Иногда мы умели заработать немного денег. Осенью, когда картошка на полях была вырыта, дети проходили как бы вторично эти поля с лопатой, доставая оставшуюся картошку. Это называлось «по-рытому» или «по-копаному». Так мы зарабатывали себе на коньки или еще что-нибудь. Коньки на ботинках, конечно, никто не имел, это была неслыханная роскошь, просто мы привязывали коньки к валенкам веревками и так гоняли по шоссе, когда оно застывало. Первые мои коньки были деревянные, их сделал мне отец.

То, что касается моих романтических чувств: я всегда имел даму сердца. В этот период я бредил одной девочкой, которая не обращала на меня внимания. Но зато меня любили другие, которые меня не интересовали.

Кажется, в 1949 году отец купил останки разбитого автомобиля. В сущности, оставался один мотор. К этому мотору от «москвича» отец подобрал на свалке неплохо сохранившийся кузов немецкой машины «опель» и из двух этих частей собрал чудовище маленькое, но шумное, которое сильно пугало обывателей поселка, а некоторых смешило. Оно поехало не сразу. Отец очень удивлялся, когда оказалось, что многие отверстия мотора и кузова совпали. Но тем не менее отец очень много работал, прежде чем автомобиль двинулся. Я много настрадался во время этой эпопеи, потому что надо было вставать в пять часов утра помогать отцу, подавать ему инструмент, что-то держать, что-то толкать и т. д. Я родился плохим механиком, и это не нравилось отцу, он считал меня бездельником-лоботрясом, и, кажется, до самой своей смерти. Итак, я стоял по утрам с ключами… Через год примерно машина зафыркала, затрещала, задергалась вся в дыму толчками, рывками, со взрывами покатила, как в фильмах Чарли Чаплина, по деревне. Вся деревня смеялась. Он выкрасил ее отвратительной зеленой краской как попало, потому что считал, что это неважно, вкус у него был ужасный.
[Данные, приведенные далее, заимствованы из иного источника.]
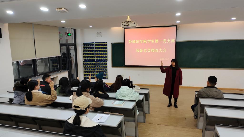 为扎实做好beats365唯一官方网站第一党支部发展党员工作,12月9日下午,beats365唯一官方网站第一党支部在教一楼109召开关于接收19英本四班卢瑶同志为中共预备党员支部大会。此次会议由第一党支部书记胡颖慧同志主持,党支部全体师生党员参加。

Так он на смех курам ездил на ней. Она всегда останавливалась где не надо и где ее не просили. Отец ее бесконечно совершенствовал, менял детали и в конце концов продал ее кому-то, если я не ошибаюсь, за ту же цену, за которую купил мотор,за две тысячи рублей. Но это было уже в 1955 году.

Еще два сильных впечатления.

Первое – это катание на коньках по замерзшей Клязьме. Когда был мороз и сильный ветер, мы делали как бы парус из наших пальто, и ветер гнал нас до самой Волхонки, километра два-три. Мы летали как птицы, это было приятно, интереснее, чем каток.

Второе впечатление неприятное.

Отец меня взял как-то на охоту. Он говорил: «Вот схожу с Сашкой на охоту, и тогда помирать можно», так он хотел, чтобы я стал охотником, как и он. Лес, лето, мне было тогда четырнадцать.

Он дал мне ружье и показал: «Вон, вон птица». Я выстрелил и разбил птице голову. Это было ужасно. Бессмыслицу этого убийства, которое я совершил, я ничем не мог оправдать. И сейчас не могу. Так я еще раз разочаровал папу: охотник из меня не получился, и с тех пор я никогда не ходил на охоту.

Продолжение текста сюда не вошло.